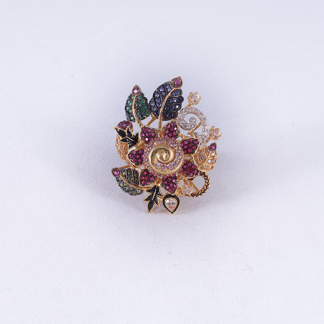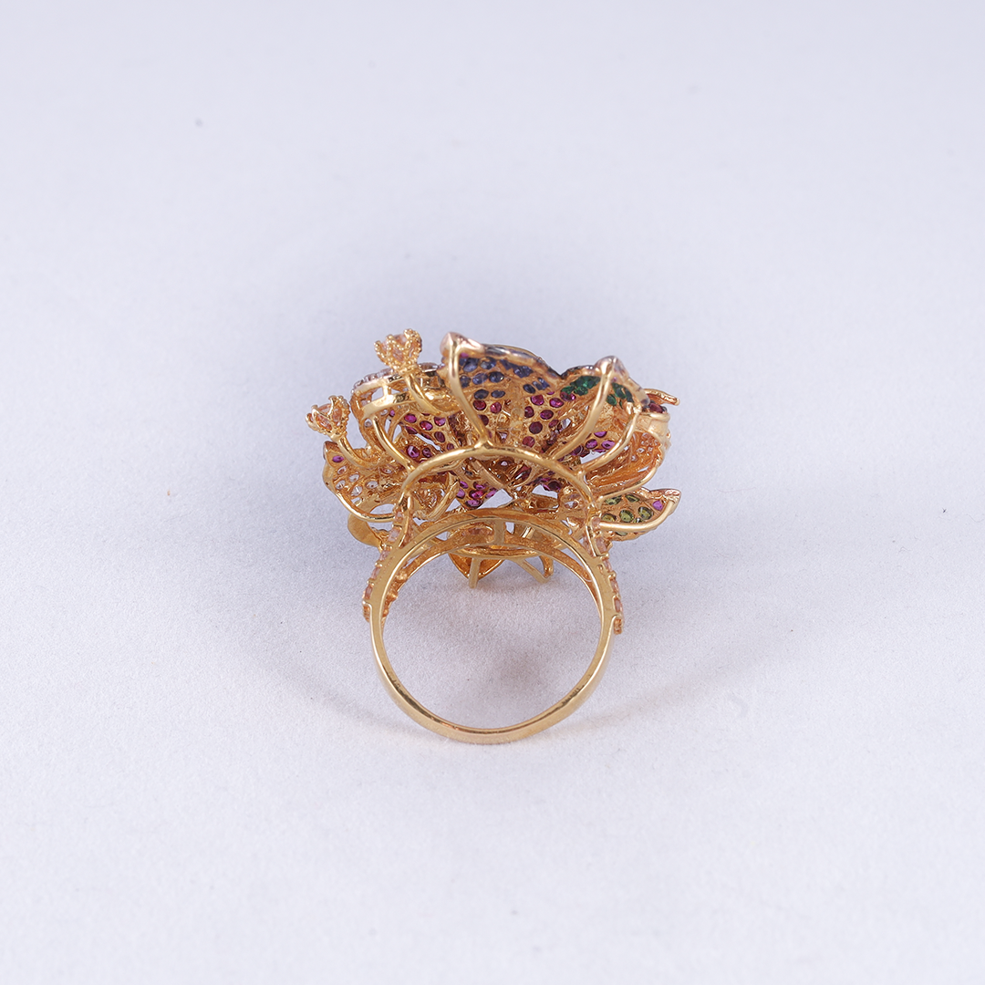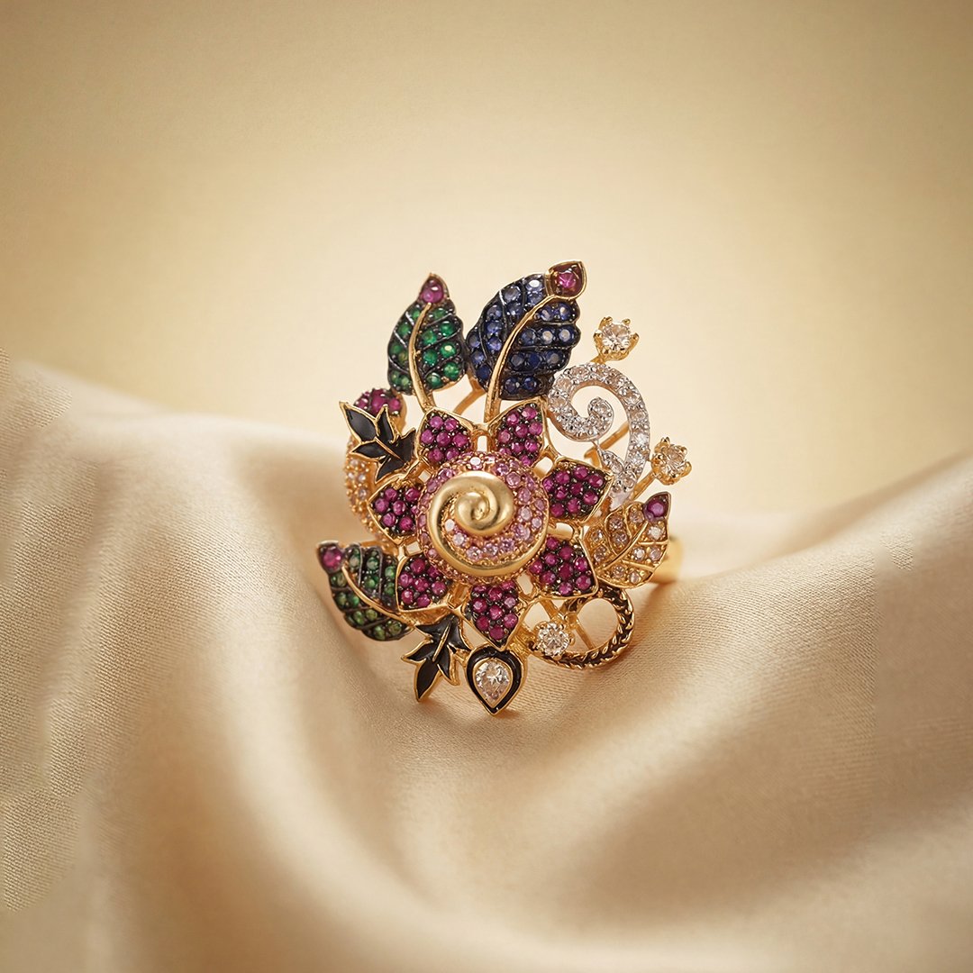 This is an intricate, floral-themed gold ring featuring a vibrant “garden” design.An ornate, multi-layered flower with a textured gold spiral cente. Embellished with colorful pavé-set stones including ruby red, emerald green, and sapphire blue.
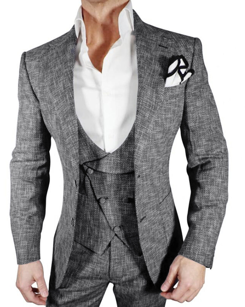 Dark Gray 3 Pieces Casual Sports Suit Tweed Jacket Suits for Men CB0521
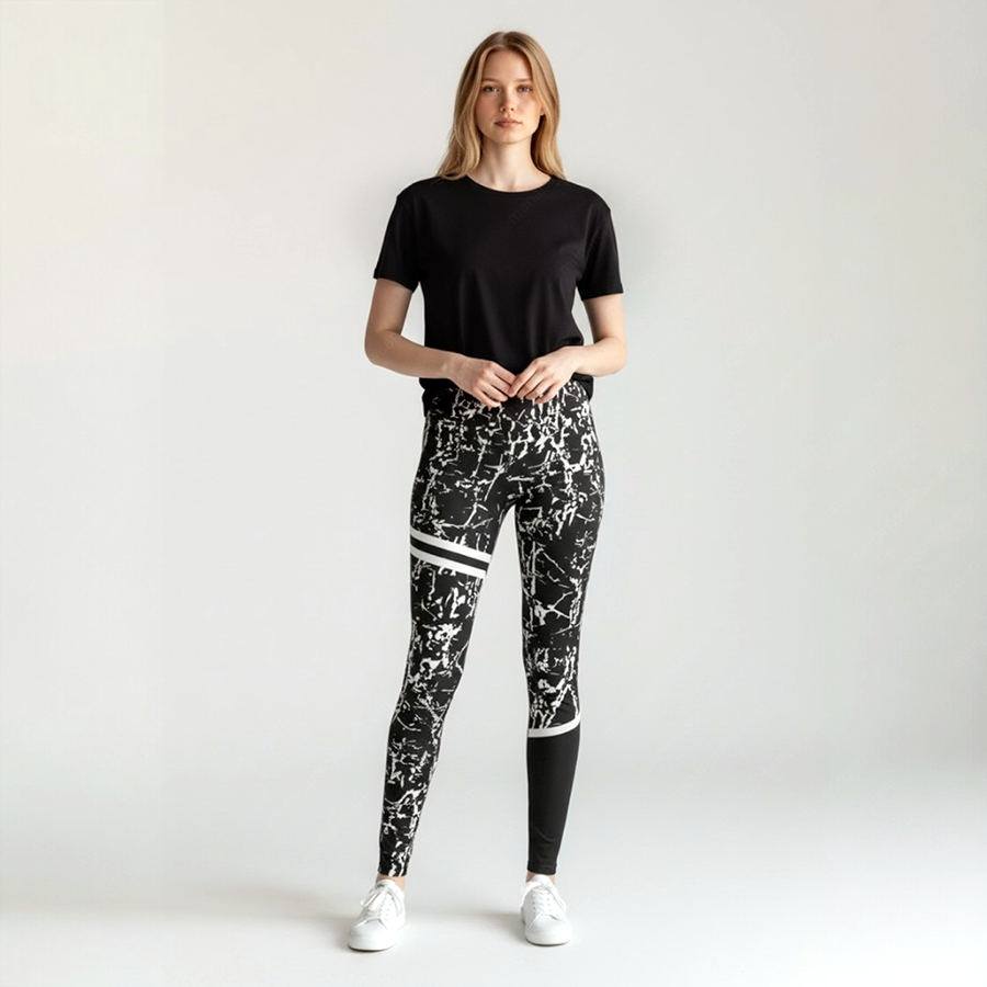 Printed performance leggings made from soft, stretchy fabric with sweat-wicking and quick-dry features. Provides a flattering, supportive fit for workouts and everyday wear.

- **Problem requirements**
The data above must be written out again word for word, without its pictures.

- **Exercise answer**
 This is an intricate, floral-themed gold ring featuring a vibrant “garden” design.An ornate, multi-layered flower with a textured gold spiral cente. Embellished with colorful pavé-set stones including ruby red, emerald green, and sapphire blue.
 Dark Gray 3 Pieces Casual Sports Suit Tweed Jacket Suits for Men CB0521
 Printed performance leggings made from soft, stretchy fabric with sweat-wicking and quick-dry features. Provides a flattering, supportive fit for workouts and everyday wear.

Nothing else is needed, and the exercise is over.